Gallery One One One is excited to present Peace is Patriotic, a portfolio of 25 anti-war prints from 1967, by American artist Bill Weege (weeg-he). Born in Wisconsin in 1935, Weege studied printmaking and sculpture at the University of Wisconsin at Madison during the Vietnam War era, and became one of the sixties most politically active artists. Using pop culture images and text, his inflammatory prints condemn American military aggression, government war propaganda, and the obscenity of modern warfare. His sophisticated prints combine photomontage and collage techniques with serigraphy and offset lithography printing. Widely reproduced as protest posters for student demonstrations in the 1960s, Weege's Peace is Patriotic fueled the peace movement in the United States that sought to end American involvement in the Vietnam War. Selected from the collection of Gallery One One One, Peace is Patriotic marks the fourth year anniversary of the U.S.-led invasion and occupation of Iraq that began March 20, 2003.

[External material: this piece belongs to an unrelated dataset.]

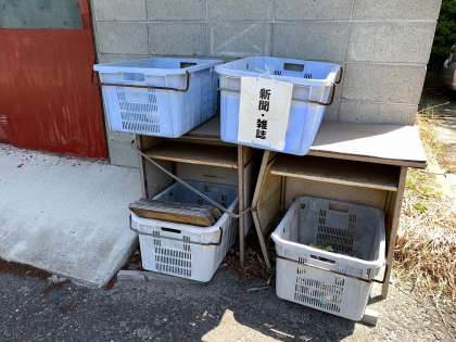 上の2枚の写真は、学校の駐車場にあるコンテナです。入れるものの札がついていますね。布類や段ボール、新聞紙や雑誌などを集めていますね。これらのものは、集めてどうするのでしょうか?
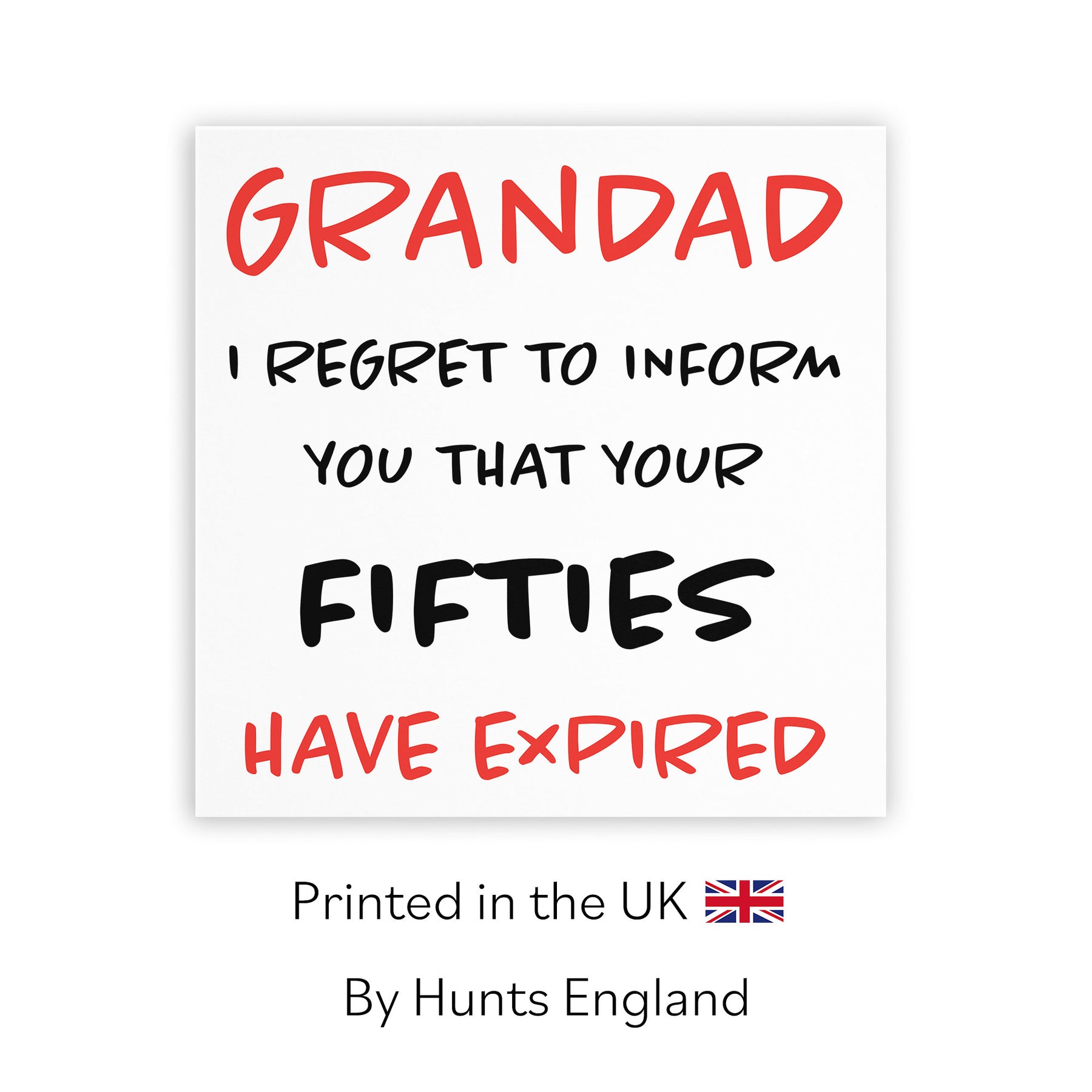 Hunts England - Grandad 60th Humorous Birthday Card - Grandad - I Regret To Inform You That Your Fifties Have Expired - Retro Collection.

  • A wall of the gallery, with four diptych graphic collages printed in reds, blacks, and whites and hung in a row, a CRT television showing a protest sign reading “STOP POLICE OBSTRUCTION” on a stand in the wall’s right corner, and a bench in front of it. The furthest right graphic depicts three nude figures in black and white with their hands covering their faces.
  • Two graphic collages printed in reds, blacks, and whites. The left contains a woman in lingerie, captioned “In every government on earth there is some trace of human weakness, some germ of corruption and degeneracy…. Thomas Jefferson”. The right is an illustration containing a chart of the female reproductive system with a target, a alluringly posed woman, an insect, and a bird, captioned “Blessed are the peace makers”, and five-point stars.
  • Two black and white graphic collages. The contains Charlie Chaplin in a military uniform, a chart of the respiratory system, a knight, and five-point stars, captioned “*PEACE”. The right contains a deformed face, lips holding a cigarette covered in black lines with a nude woman and a chart of the human heart behind it, and a chart of the human skull, captioned “NAPALM:” in reverse.
  • Two graphic collages printed in reds. The left contains many images put together in the shape of the number 1, bordered with the captions “why can not all”, “MINORITIES BE HEARD!”, and “BECAUSE THEIR BULL HORNA AREN’T BIG ENOUGH.”. The right contains a figure in lingerie holding a sex toy (?) on a background comprised of the repeated phrases “SOCK IT TO ME” and “SOCK IT TO ME BABY” printed in small dense text.